No saboreamos la vida con la misma intensidad ni avanzan nuestros pasos con la misma cadencia según el suelo que estemos pisando. ¿Se han parado alguna vez a pensar en esto? Los tiempos que marcan cada momento de nuestra existencia son mucho más flexibles de lo que imaginamos. He descubierto en África que un instante no tiene por qué ser corto o largo, o demasiado corto o demasiado largo. Eso depende de cómo te hayan enseñado a apreciar el paso del tiempo. De cómo lo percibe ahora tu instinto, de cómo te late el corazón, y cómo estás acostumbrado a mirar y a escuchar.

Desde que tengo conciencia me obligaron a medir mi tiempo, a planificar, a calcular, prever, anticipar, organizar. Aprendí, como cualquier niño proveniente de una cultura occidental, que el tiempo se escapa, que el tiempo no se puede desperdiciar. Me metieron en la cabeza la necesidad primordial de rellenar mis días de actividades, experiencias, formación, movimiento. Fui educada en la visión de un tiempo que inevitablemente se agota, en el que los segundos pasan y los minutos se consumen y las horas se acaban. Y cuantos más años cumplimos nos enseñan a repetir con más ahínco: “es que el tiempo vuela”.

Pero ¿quién dijo que el tiempo podía desperdiciarse? Me pregunto quién nos hizo creer que el vaso estaba más medio vacío que medio lleno. ¿Cuándo empezamos a creer que éramos capaces de evitar lo inevitable, de atrapar lo intrínsecamente efímero de la vida, que es el tiempo? Qué arrogancia la nuestra y qué gran insensatez vivir atados a esa filosofía enfermiza y ya crónica. Nos enseñaron a anticiparnos al futuro, a reflexionar demasiado sobre nuestro pasado, a actuar siguiendo las pautas marcadas por una mente perfeccionista, y ahorrar el tiempo sin descanso cuales magos que pudieran manejar el destino a su antojo.

En ese pequeño país llamado Togo, donde fui a toparme con mi propia realidad, las personas mastican el ahora, agarran el momento presente, detienen el tiempo para observar a su alrededor.

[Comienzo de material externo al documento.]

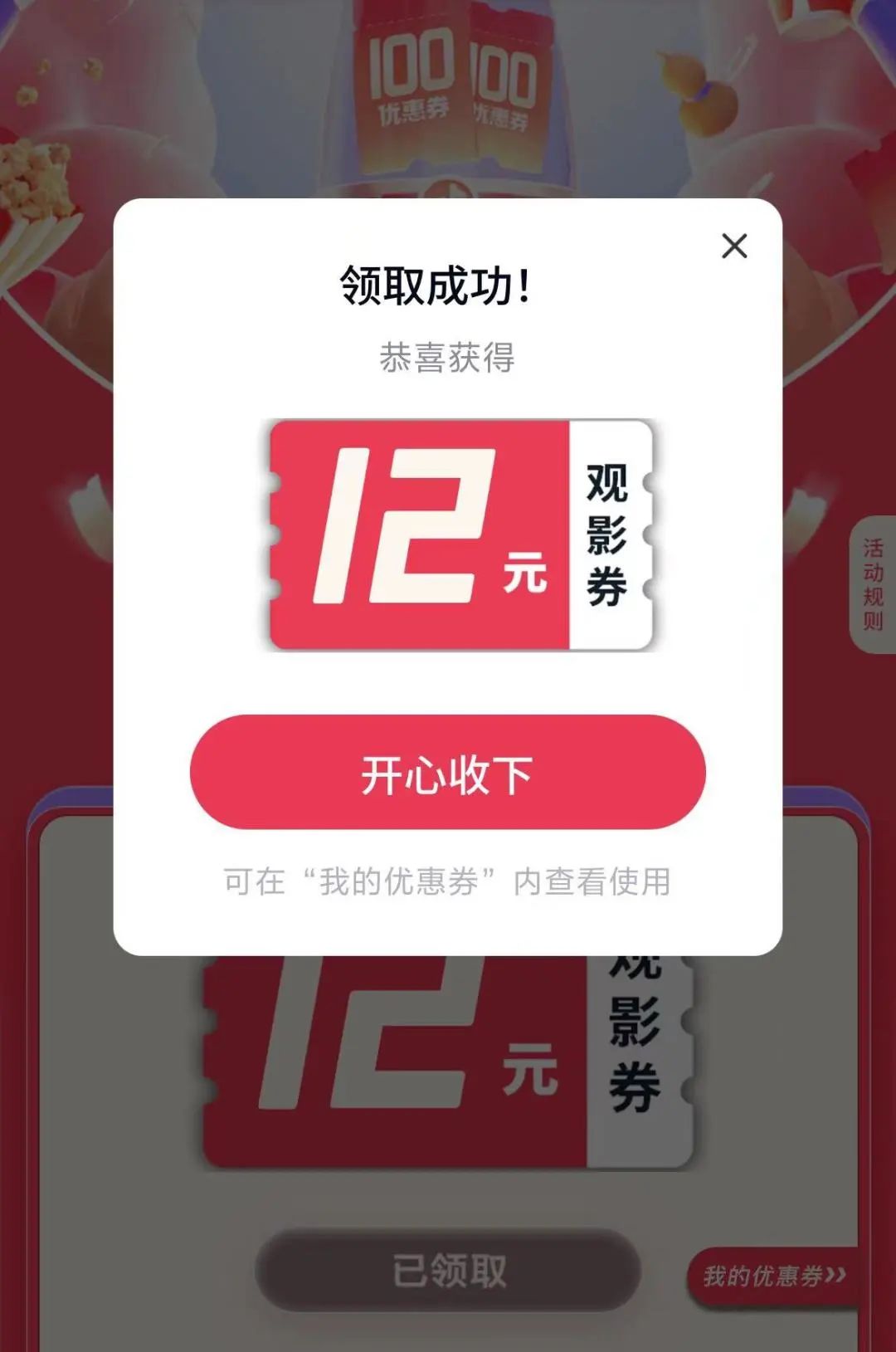 点击“立即领取”并收下12元观影券。
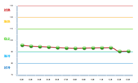 3月份中轻景气指数为90.58,位于“稳定”区域,环比上升0.17点,同比下降5.23点,(参见图1-1)。
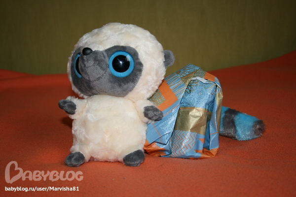 А для мамы и сестры мужа удивительный пушистый зверёк лемур и сюрприз в подарочной бумаге для души и тела :)
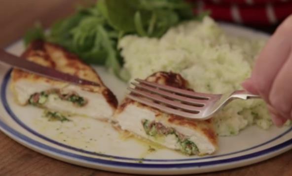 Na piletini napravite mali džep, pa posolite i pobiberite. Maslac narežite na kriške i stavite u svaki džep mesa, zajedno sa slaninom.
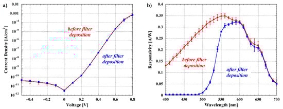 - Nikolaidou, K.; Condelipes, P.G.; Caneira, C.R.; Krack, M.; Fontes, P.M.; Oliveira, H.M.; Kovačič, M.; Krč, J.; Topič, M.; Cardoso, S.; et al. Monolithically integrated optical interference and absorption filters on thin film amorphous silicon photosensors for biological detection. Sensors Actuators B Chem. 2022, 356, 131330. [Google Scholar] [CrossRef]
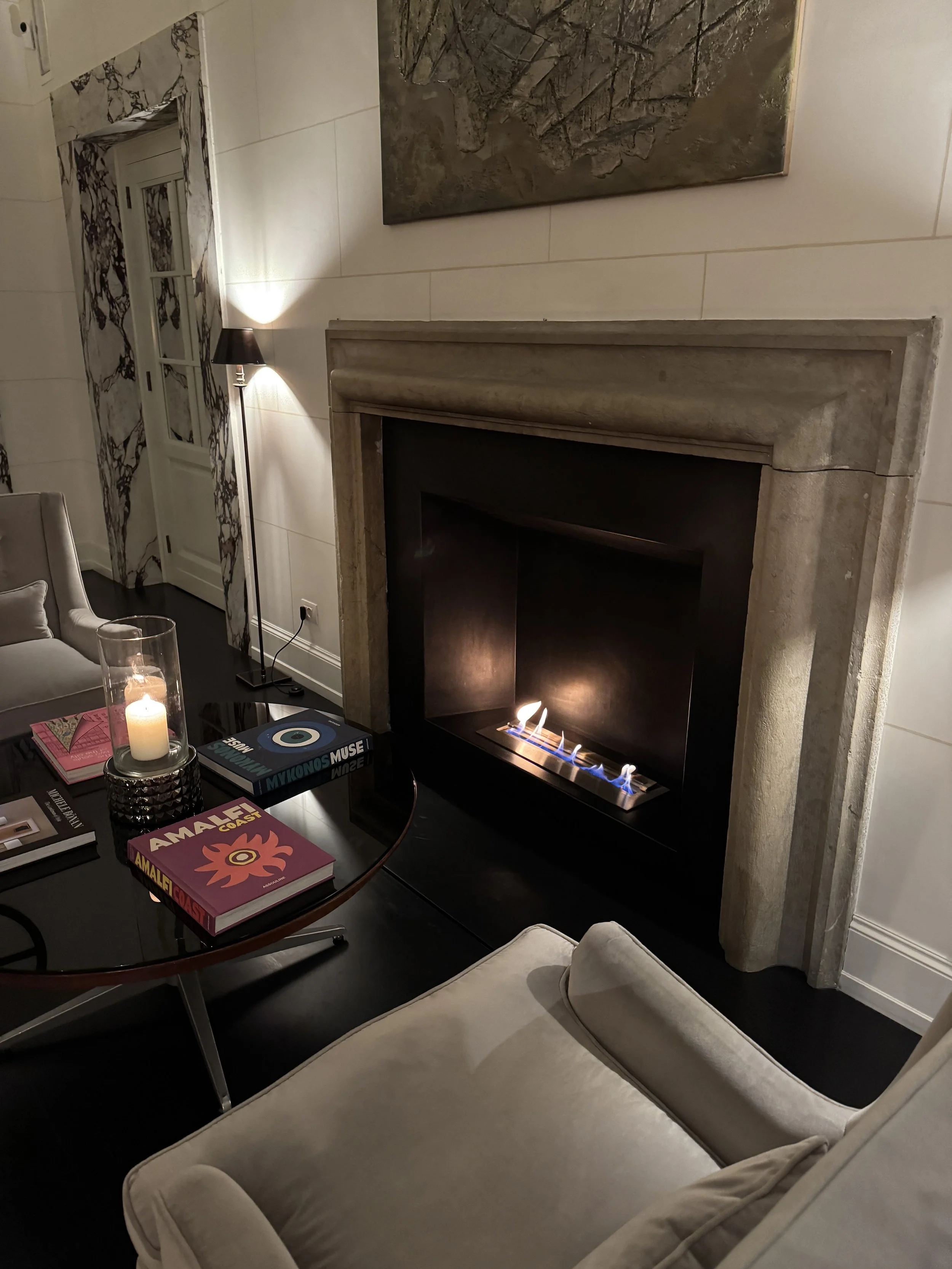 For my fourth visit to Rome, I finally decided to tick off two classics: visiting the Sistine Chapel and stepping inside the Colosseum. Both attractions are easily reachable on foot from the hotel. Along the way, we also discovered two stunning and still relatively unknown rooftop terraces — an absolute must on a sunny Roman day. Even on Valentine’s Day in mid-February, we were lucky enough to enjoy a glass of rosé bubbles under a surprisingly warm winter sun, overlooking the rooftops of Rome. We landed at Fiumicino just in time for aperitivo and were picked up by private limousine to be taken into the city. Although the airport is quite a distance from the historic center, private transfers in Rome remain a relatively affordable luxury — and after a flight, the convenience is worth it. Upon arrival at Via di Monte d’Oro 30, a discreet iron sign indicated the hotel’s name. Guests must ring a bell to be admitted, a subtle yet deliberate reminder that this is not an anonymous chain property, but rather an intimate townhouse-style retreat. The heavy doors opened, and we were warmly welcomed by two front desk attendants who invited us to take a seat in the impressive lobby lounge. Seated in comfortable armchairs in front of the fireplace, we were immediately offered a welcome drink. JK Place provides an entire bar menu from which guests can select a complimentary arrival beverage — a thoughtful detail that sets the tone from the very beginning.

No viven bajo la dictadura de la agenda, no conocen el concepto del tiempo malgastado, porque allí el tiempo no se discute, no es manipulable, porque es como el aire que respiran, como las sonrisas de quien les mira, como todo aquello que no pueden ni pretenden controlar.

Estas son las primeras anotaciones que escribí en mi diario de viaje, sobre un despertar interior del que aún no era consciente:

La calle principal del pueblo se asemeja a un tapiz de arena roja bañado por la intensa luz del sol. Hay niños descalzos correteando por todos lados y ancianos escudriñando el paso del tiempo, sentados a la sombra de un baobab. Unas cabras solitarias pasean sin rumbo y algunas gallinas picotean restos de comida alrededor de un puesto de calle que parece abandonado. El cielo se extiende vasto sobre nuestras cabezas e ilumina de azul y nubes el espacio. Se respira calma en el ambiente y los escasos transeúntes, vestidos con alegres estampados, dejan a su paso trazos de color. Me encuentro al fin en Todomé. Hace calor y huele a tierra.

Descubrí en Togo que el reloj africano no es de vidrio y arena, sino de alguna materia elástica, que se estira, se contrae y juega con los instantes. El día de la mayoría de los togoleses no se planifica. Comen cuando el cuerpo y las condiciones lo propician. La puntualidad allí es un concepto importado. Incluso hoy ironizan con la llamada “hora del blanco”, la que indica la auténtica puntualidad, tan nuestra, y no la relativa, tan suya.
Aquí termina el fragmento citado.